Aux loss weight starts high (forces the router to explore so no expert dies) and decays as training progresses (lets experts drift into specializations).
Router warm-up and upcycling
Training from scratch is one thing; upcycling — starting from a pretrained dense model and converting it to MoE — is another. In upcycling, the router is the only randomly-initialized thing in the model. Everything else (attention, embeddings, expert initial weights) starts from a competent dense checkpoint.
That random-router problem needs care. If you drop the router in and train normally, the router might not learn useful routing before the aux loss pushes it to uniform, ending up with experts that are all copies of the original MLP. The fix is a router warm-up: crank aux loss high early, decay it over the first few thousand steps, and only then let the main loss dominate.
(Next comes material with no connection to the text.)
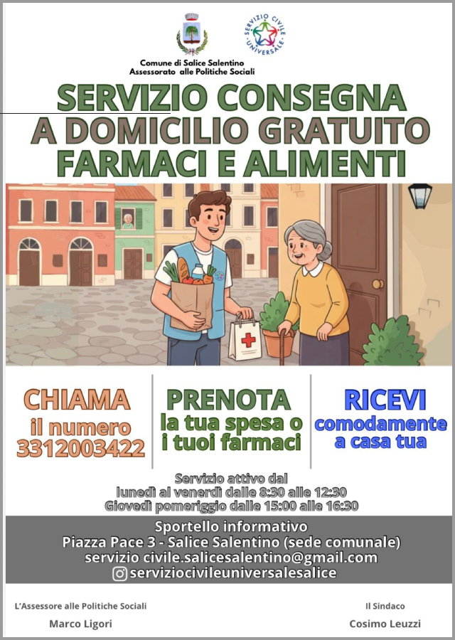 L’Amministrazione Comunale di Salice Salentino con l’Assessorato ai Servizi Sociali, promuove un importante servizio di prossimità dedicato all’acquisto e alla consegna a domicilio di alimenti, beni di prima necessità e farmaci, rivolto ai cittadini che si trovano in condizioni di fragilità o difficoltà.

Gives the router a chance to find its feet before the experts diverge.
Fine-tuning — LoRA on MoE is tricky
LoRA works by attaching a low-rank adapter to a weight matrix. In an MoE block, there are N expert weight matrices. Three choices, each with problems:
- One LoRA shared across all experts. Cheap. But if the task wants different behavior per expert, the shared adapter can't provide it.
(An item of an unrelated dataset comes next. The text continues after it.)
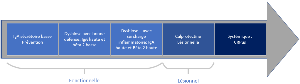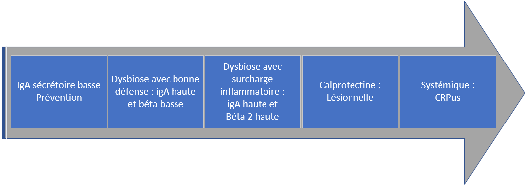 | Bêta 2 défensine | Potentiellement colon et grêle | Haut : signe infection à bactérie gram- ou mycose |

- Per-expert LoRAs. More expressive. But sparsely-activated experts (ones the router rarely picks for your fine-tune data) never get meaningful gradient. You end up with uneven adaptation.
- LoRA only on the router — change routing behavior without touching experts. Useful for narrow tweaks; useless for broader behavioral change.
In practice: fine-tuning MoEs with LoRA is still an active area. If you're doing serious MoE fine-tuning, consider full or partial fine-tuning (expensive but predictable) over LoRA.